**REQUIRED WORK:** No line before the one holding "第九屆杭州市優秀企業家評選活" is to be copied; that line and all after it, through the end of the listing, are returned exactly, minus pictures.

**INFORMATION SHOWN:**
----

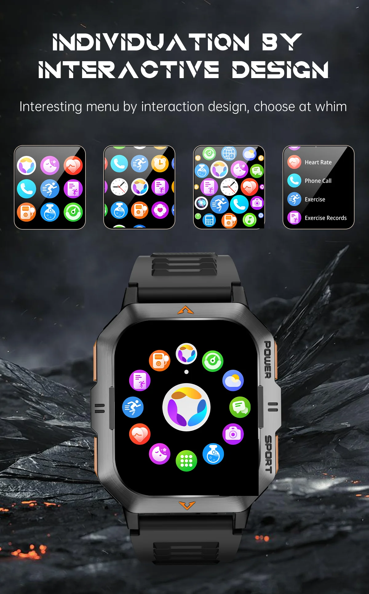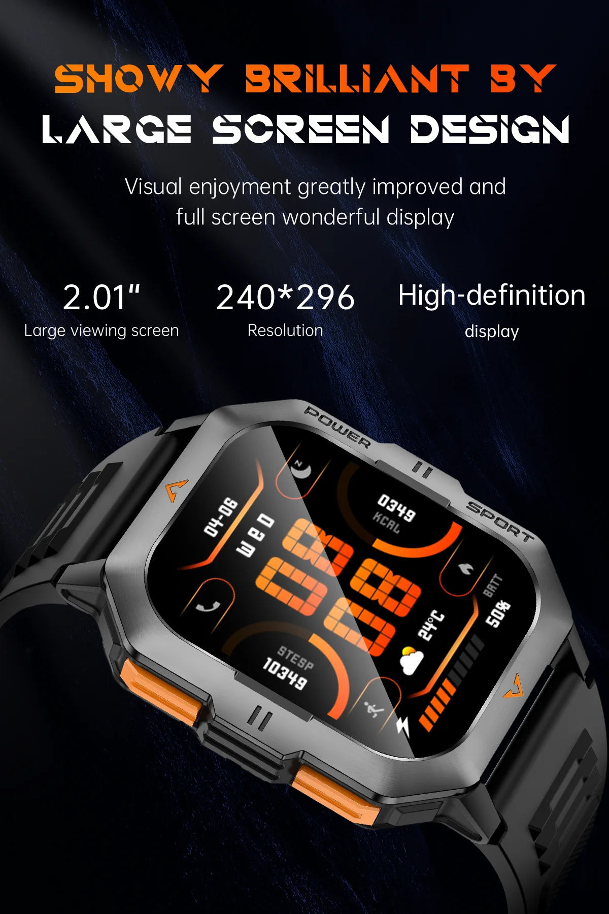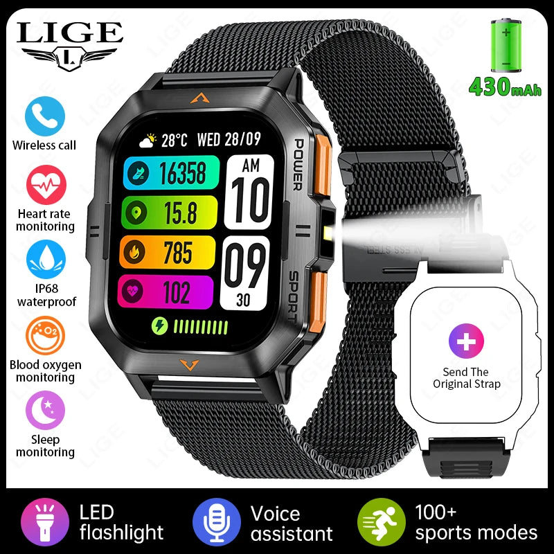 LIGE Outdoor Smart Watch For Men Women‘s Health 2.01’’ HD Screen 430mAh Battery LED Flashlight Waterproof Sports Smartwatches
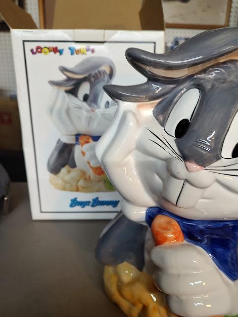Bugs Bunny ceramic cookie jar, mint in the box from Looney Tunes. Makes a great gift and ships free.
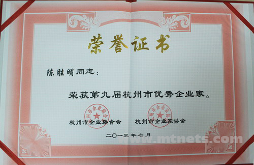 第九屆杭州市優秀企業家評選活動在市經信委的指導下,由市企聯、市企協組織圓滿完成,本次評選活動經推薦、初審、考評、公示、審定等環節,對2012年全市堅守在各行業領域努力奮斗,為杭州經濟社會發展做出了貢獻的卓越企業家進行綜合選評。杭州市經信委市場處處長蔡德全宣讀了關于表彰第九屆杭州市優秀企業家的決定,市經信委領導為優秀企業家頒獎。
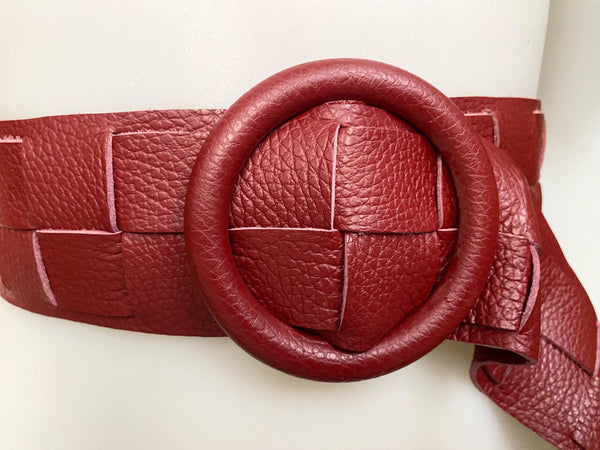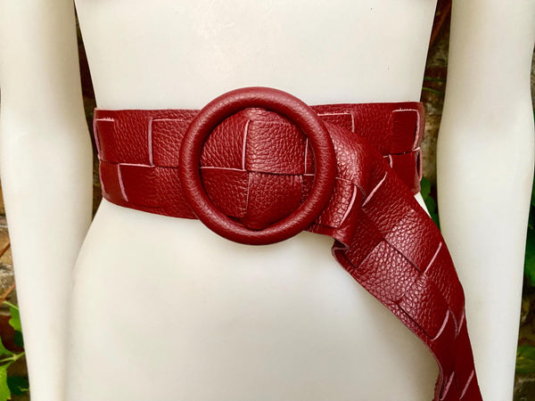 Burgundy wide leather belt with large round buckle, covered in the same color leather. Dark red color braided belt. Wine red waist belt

----

**WRITTEN SOLUTION:**
 第九屆杭州市優秀企業家評選活動在市經信委的指導下,由市企聯、市企協組織圓滿完成,本次評選活動經推薦、初審、考評、公示、審定等環節,對2012年全市堅守在各行業領域努力奮斗,為杭州經濟社會發展做出了貢獻的卓越企業家進行綜合選評。杭州市經信委市場處處長蔡德全宣讀了關于表彰第九屆杭州市優秀企業家的決定,市經信委領導為優秀企業家頒獎。
 Burgundy wide leather belt with large round buckle, covered in the same color leather. Dark red color braided belt. Wine red waist belt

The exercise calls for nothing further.